[Your task]
Print the lines of the listing below verbatim from its first line through the line bearing "The averaging of". Any pictures are to be omitted.

---------- Dataset content

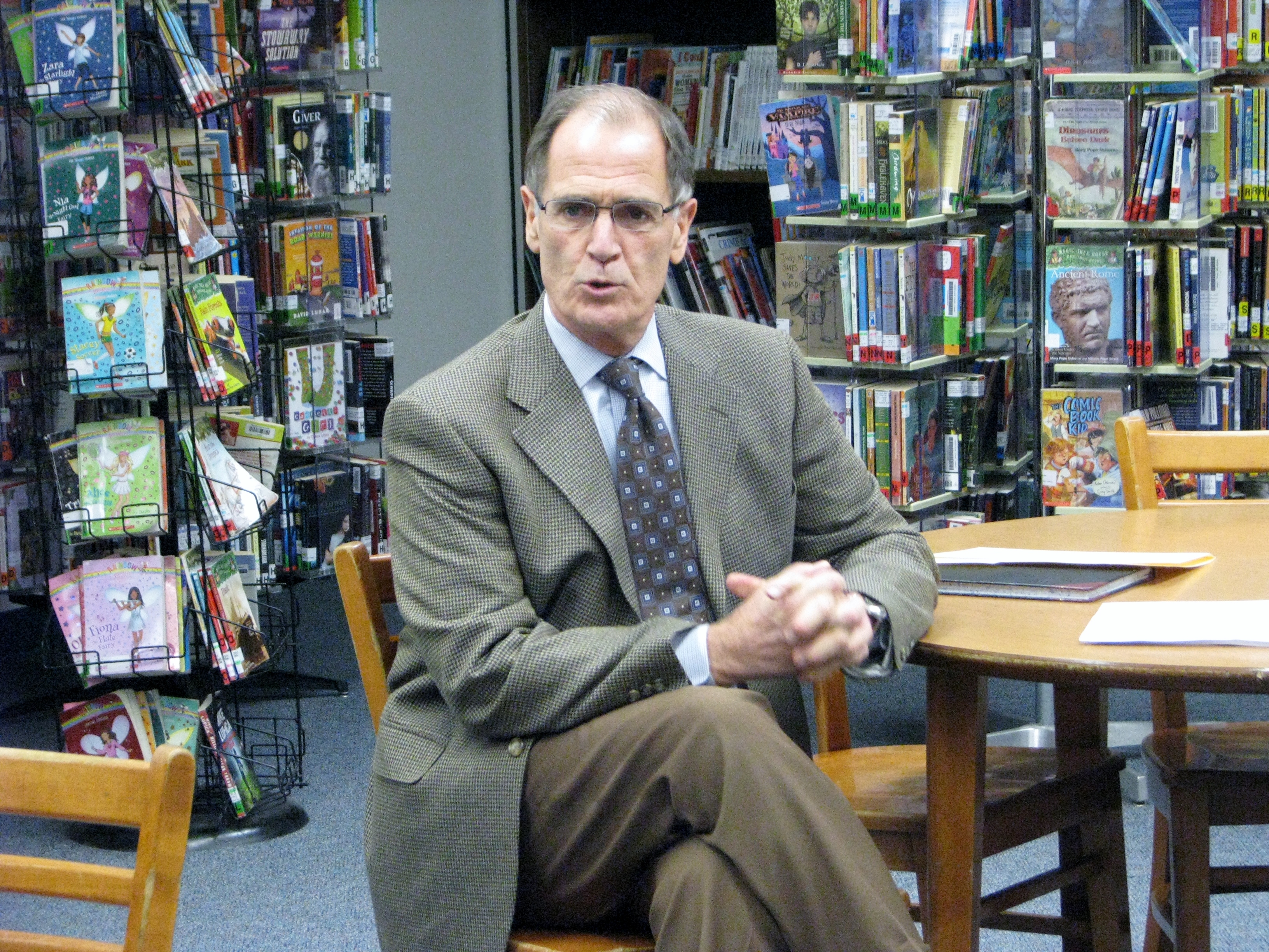On Wednesday evening, the Frederiksen Elementary PFC hosted an evening in the library with Dr. Stephen Hanke. The purpose of the event was to discuss growth trends in the District, new technology tools available to both students and staff and preparation for the new Common Core Standards.
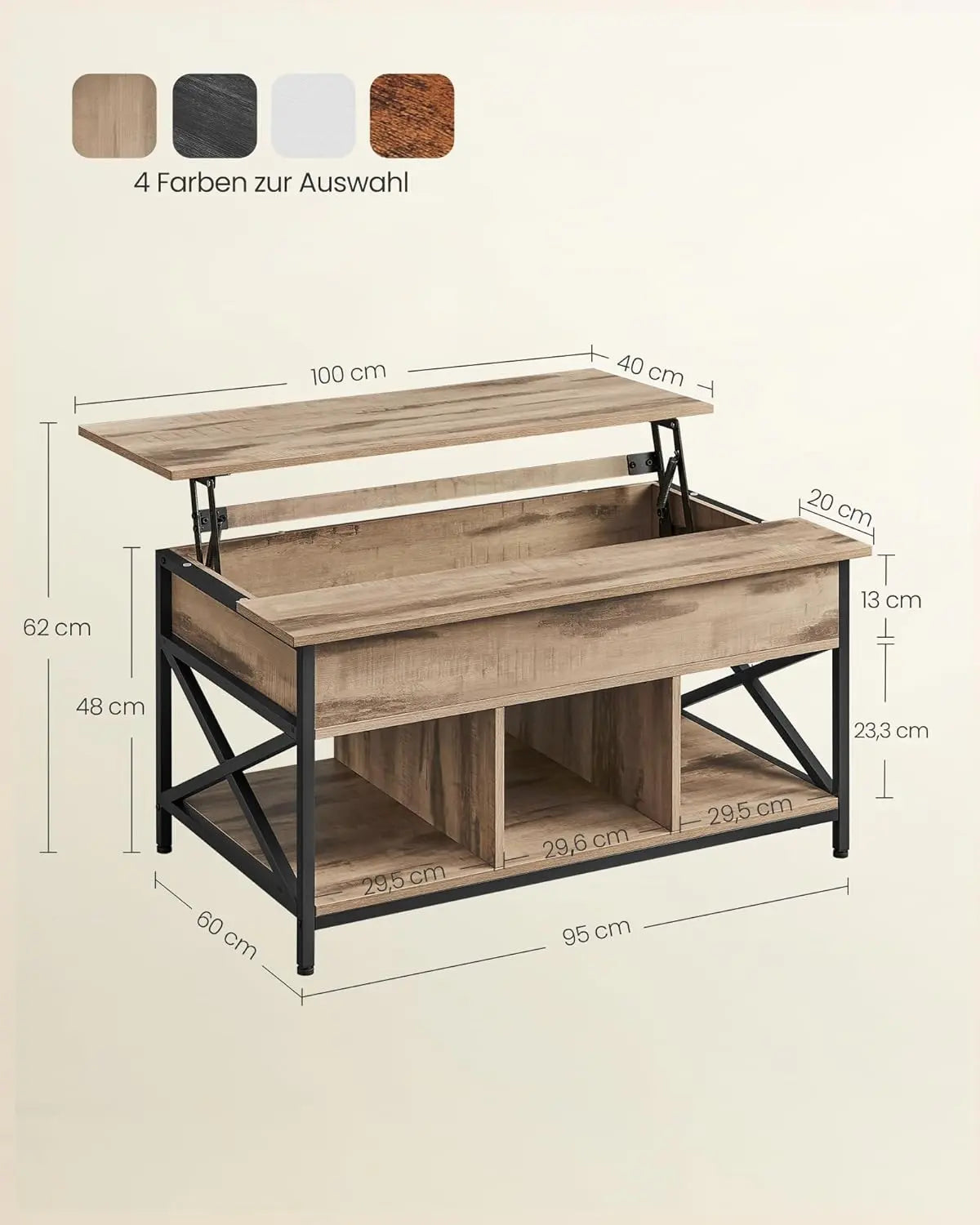 Hebeplatte verwandelt Tisch in bequemen Arbeits- und Essplatz, Verstecktes Fach plus drei offene Fächer für praktischen Stauraum, Stabile Konstruktion trägt bis 91 kg mit sanftem Heben dank Metallscharniere
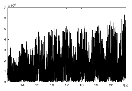 The averaging of energy production by windmills was performed in yearly periods according to the following algorithm:
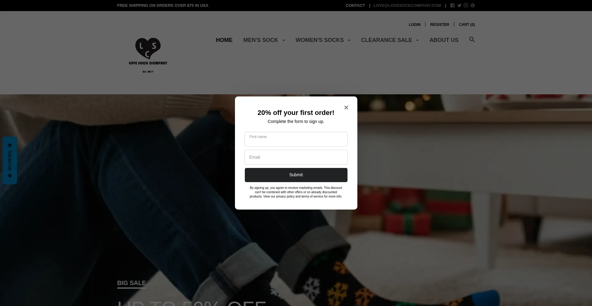 Analysis indicates that lovesocks.com operates as an e-commerce platform facilitating online transactions for goods or services. The website implements shopping cart functionality, payment processing systems, and product catalog features typical of commercial retail operations.

--------------------

[Your response]
On Wednesday evening, the Frederiksen Elementary PFC hosted an evening in the library with Dr. Stephen Hanke. The purpose of the event was to discuss growth trends in the District, new technology tools available to both students and staff and preparation for the new Common Core Standards.
 Hebeplatte verwandelt Tisch in bequemen Arbeits- und Essplatz, Verstecktes Fach plus drei offene Fächer für praktischen Stauraum, Stabile Konstruktion trägt bis 91 kg mit sanftem Heben dank Metallscharniere
 The averaging of energy production by windmills was performed in yearly periods according to the following algorithm:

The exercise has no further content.